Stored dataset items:
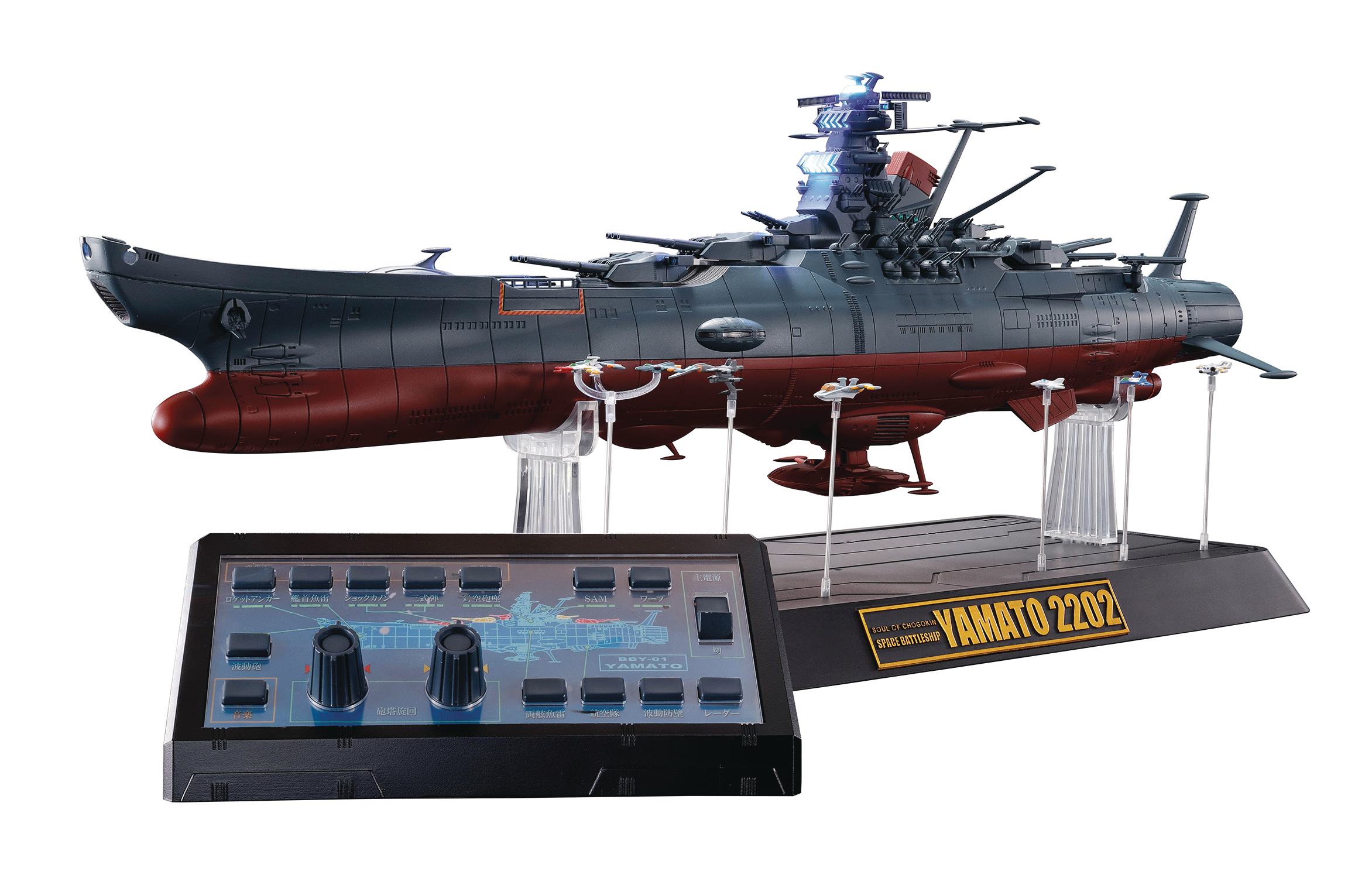 Soul of Chogokin series! It's packed with features, including light-up Wave Motion Gun, engine, and bridge, plus motorized turrets. A remote control lets you play key lines recorded by the voice actors for Susumu Kodai and Yuki Mori, plus a variety of other effects and music. The set includes the
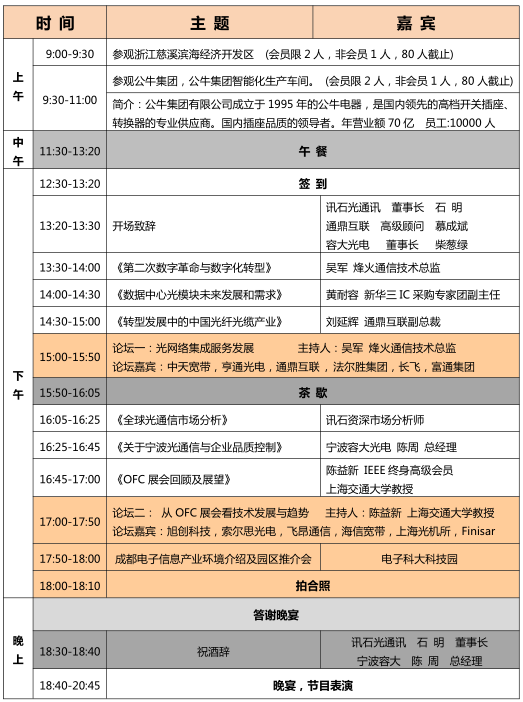 在本次會(huì)議上,您有機(jī)會(huì)參觀開關(guān)行業(yè)領(lǐng)導(dǎo)者——公牛集團(tuán),感受大企業(yè)的經(jīng)營(yíng)理念與自動(dòng)化生產(chǎn)線,從中找尋屬于您的管理之道;您還可以盡情討論100G,400G高速通訊發(fā)展情況,了解行業(yè)發(fā)展脈絡(luò),胸有丘壑化乾坤;當(dāng)然,還有光網(wǎng)絡(luò)集成服務(wù)發(fā)展,全球光通信市場(chǎng)分析等眾多干貨等著您。
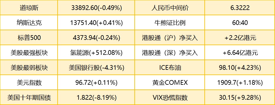 1. 隔夜美股收盘,道指跌166.15点,跌幅为0.49%,报33892.60点;纳指涨56.77点,涨幅为0.41%,报13751.40点;标普500指数跌10.71点,跌幅为0.24%,报4373.94点。港股ADR指数下跌,按比例计算,收报22713点,较香港收市跌0.21点。
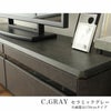 木目調ハイグロスホワイトとセラミック調グレーTVボード「カロス」。
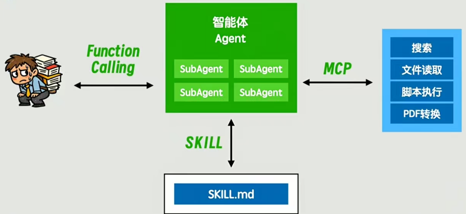 Sub Agent(子智能体):处理复杂任务时的 "子审核员",负责单一子任务(如逐份核对参保信息、计算报销金额),实现上下文隔离,避免主 Agent 信息臃肿。
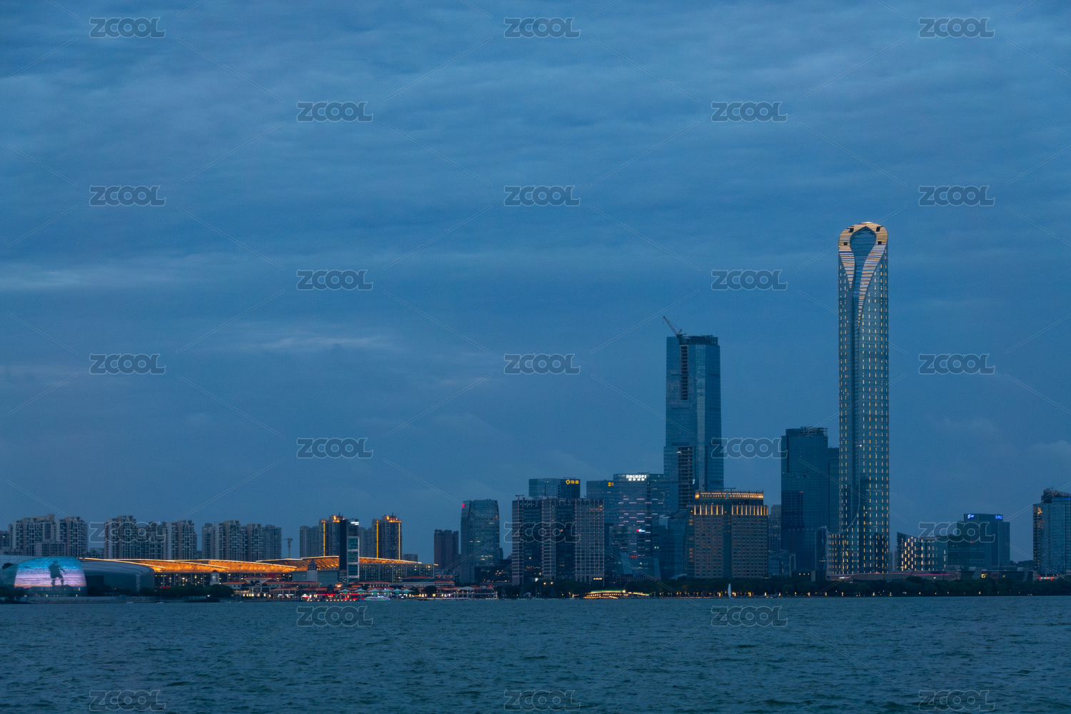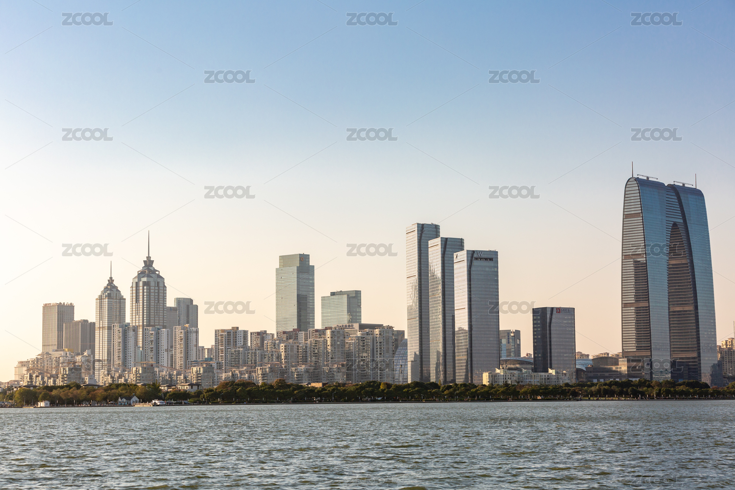 中国江苏苏州金鸡湖黄昏现代建筑天际线

ASSIGNMENT
Repeat the records above exactly, omitting every picture.

SOLUTION TO THE EXERCISE
 Soul of Chogokin series! It's packed with features, including light-up Wave Motion Gun, engine, and bridge, plus motorized turrets. A remote control lets you play key lines recorded by the voice actors for Susumu Kodai and Yuki Mori, plus a variety of other effects and music. The set includes the
 在本次會(huì)議上,您有機(jī)會(huì)參觀開關(guān)行業(yè)領(lǐng)導(dǎo)者——公牛集團(tuán),感受大企業(yè)的經(jīng)營(yíng)理念與自動(dòng)化生產(chǎn)線,從中找尋屬于您的管理之道;您還可以盡情討論100G,400G高速通訊發(fā)展情況,了解行業(yè)發(fā)展脈絡(luò),胸有丘壑化乾坤;當(dāng)然,還有光網(wǎng)絡(luò)集成服務(wù)發(fā)展,全球光通信市場(chǎng)分析等眾多干貨等著您。
 1. 隔夜美股收盘,道指跌166.15点,跌幅为0.49%,报33892.60点;纳指涨56.77点,涨幅为0.41%,报13751.40点;标普500指数跌10.71点,跌幅为0.24%,报4373.94点。港股ADR指数下跌,按比例计算,收报22713点,较香港收市跌0.21点。
 木目調ハイグロスホワイトとセラミック調グレーTVボード「カロス」。
 Sub Agent(子智能体):处理复杂任务时的 "子审核员",负责单一子任务(如逐份核对参保信息、计算报销金额),实现上下文隔离,避免主 Agent 信息臃肿。
 中国江苏苏州金鸡湖黄昏现代建筑天际线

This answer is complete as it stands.